A massive April 2018 criminal justice reform law made a series of changes around bail, in keeping with a high court decision in the 2017 case Brangan v. Commonwealth.

Brangan was held at the Hampden County jail for more than three and a half years because he was unable to post the $40,000 bail after a 2014 armed robbery arrest. The state's Supreme Judicial Court ruled that judges cannot set bail "higher than necessary to ensure the defendant's appearance" and "that a judge may not consider a defendant's alleged dangerousness in setting the amount of bail."

The new law establishes that bail should not be set higher than an amount that will reasonably assure a person's appearance in court, requires financial resources be taken into account in determining bail, allows judges to use community correction programs for pretrial release, and creates a pre-trial services unit to notify defendants of upcoming court dates.

It also created a 19-member commission of lawmakers, lawyers, judges and other officials, which has until June 30 to evaluate and report on the potential of using risk assessment factors regarding bail decisions, the impacts of eliminating cash bail and any recommendations for doing so, "the setting of conditions on defendants when they are released with or without bail," and "any disparate impact on defendants because of gender, race, gender identity or other protected class status."

Sen. Cindy Friedman of Arlington and Rep. Claire Cronin of Easton co-chair the commission.

On Thursday, at the panel's first meeting, members outlined what data and information they hope to delve into during their study.

In cases where people are held on bail, it would be "important to look at" the amount of their bail, said Shira Diner, who works at the Committee for Public Counsel Services and represents the Massachusetts Association of Criminal Defense Lawyers on the commission.

"I think it's important to know if people are being held on $5,000, are people being held on $50, and where that breakdown goes," she said.

Richard Savignano, a former District Court judge who's now first assistant district attorney in Plymouth County, suggested the commission obtain statistics from the different county houses of correction to see how the numbers of pretrial detainees have changed over time.

Atara Rich-Shea, operations director of the Massachusetts Bail Fund, said she wanted to know race and gender breakdowns of people currently held on bail, how long people held on bail stay in jail, and what the case outcomes are for people held versus those who aren't.

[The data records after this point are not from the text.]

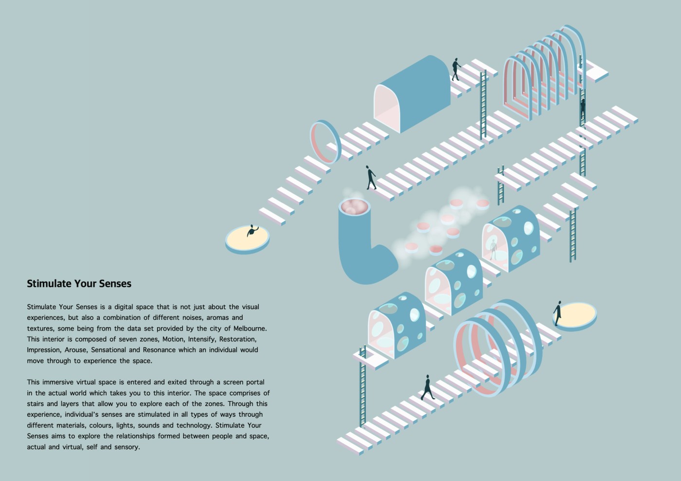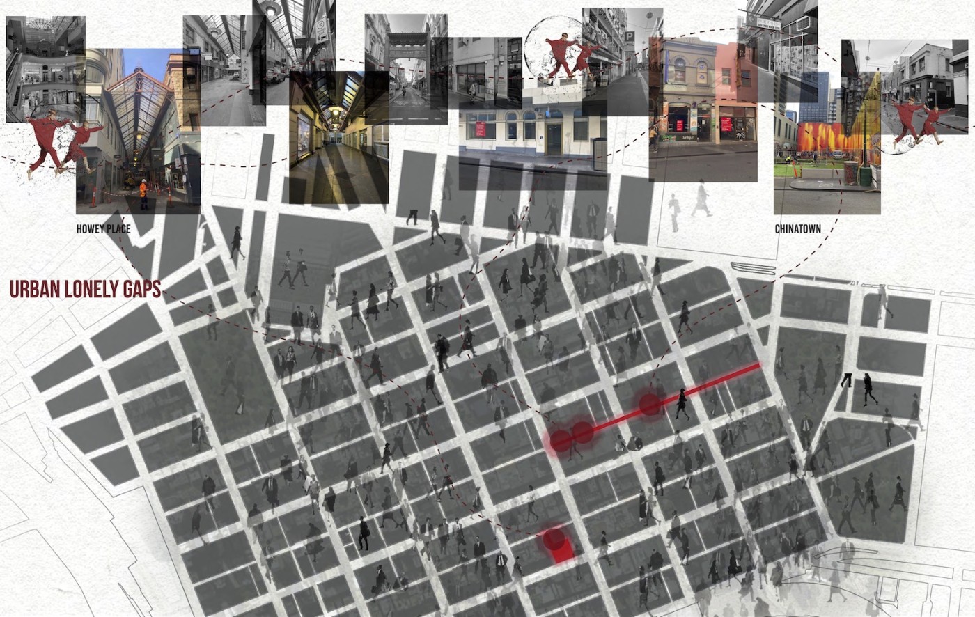 Our proposition addresses how the city is in a state of neglect. Engaging City starts from three keywords: stimulus, participation, and presence. Stimulus is a method of activation method and a strategy to bring people back to the city through attraction and empathy rather than feelings of anxiety or fantasy. Participation is a presentation process of interaction between people and the urban interior. We believe Melbourne needs stimulation to challenge and reinvigorate the urban fabric that no longer has a sense of presence and our interventions help the city and people to find a new meaning of presence.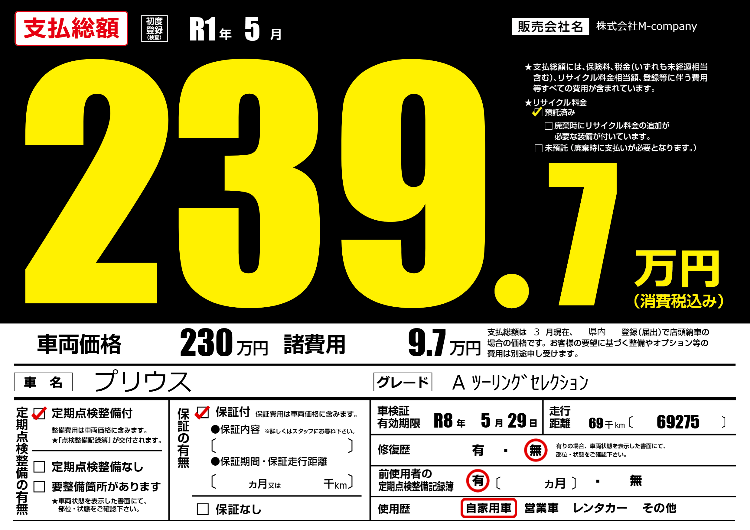 | 車名 | プリウス | グレード ミッション 排気量 |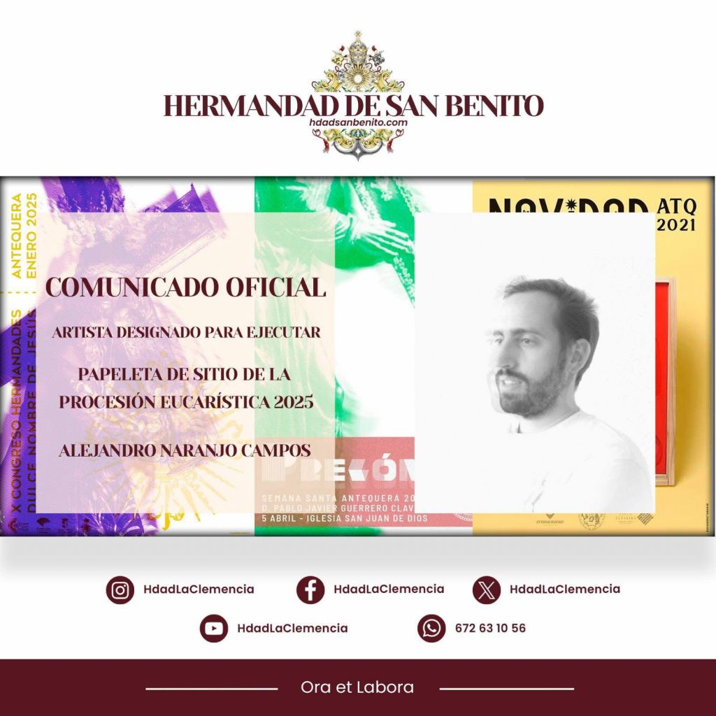 La Hermandad de La Clemencia ha designado al artista Alejandro Naranjo Campos como encargado de realizar tanto la Papeleta de Sitio como el Cartel anunciador del Corpus 2025, dos elementos que cobrarán especial relevancia en esta próxima edición de la festividad.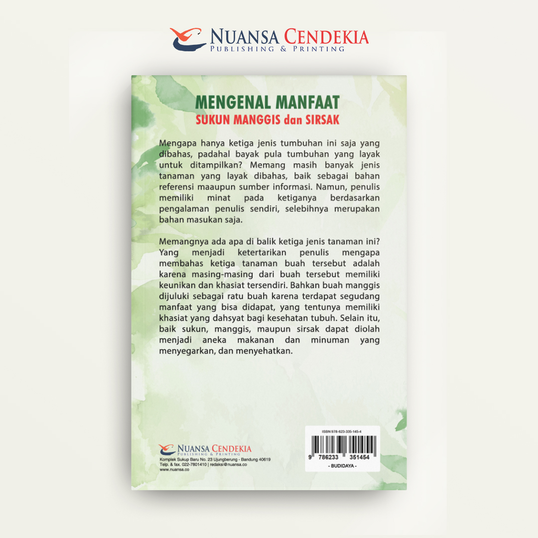 Buku "Mengenal Manfaat Sukun, Manggis, dan Sirsak" adalah panduan informatif yang secara spesifik mengupas tuntas potensi gizi dan khasiat kesehatan dari tiga buah tropis unggulan ini. Pembaca akan diperkenalkan pada kandungan bioaktif penting yang terdapat pada masing-masing buah—mulai dari serat, vitamin, mineral, hingga senyawa antioksidan kuat seperti xanthone pada manggis—serta cara pemanfaatannya, baik sebagai bahan pangan maupun pengobatan tradisional. Buku ini memberikan pengetahuan praktis mengenai aplikasi kuliner dan farmakologis dari sukun, manggis, dan sirsak untuk membantu meningkatkan daya tahan tubuh, mencegah penyakit degeneratif, dan mendukung gaya hidup sehat secara alami.

David Solet, the chief legal counsel at the Executive Office of Public Safety and Security, recommended the group also probe "what kinds of disruptions" happen when a defendant does not appear in court, giving the example of witnesses who are subpoenaed and have to miss work to attend a proceeding, only to be left waiting. He also suggested examining whether people who are held on bail have failed to appear in past cases.

"I think that'd give us some sense of whether we think the commonwealth is properly detaining people who have otherwise shown they won't go to court," Solet said.

Friedman and Cronin said documents the commission members discuss during the course of their meetings will be available to the public in Cronin's State House office, Room 136.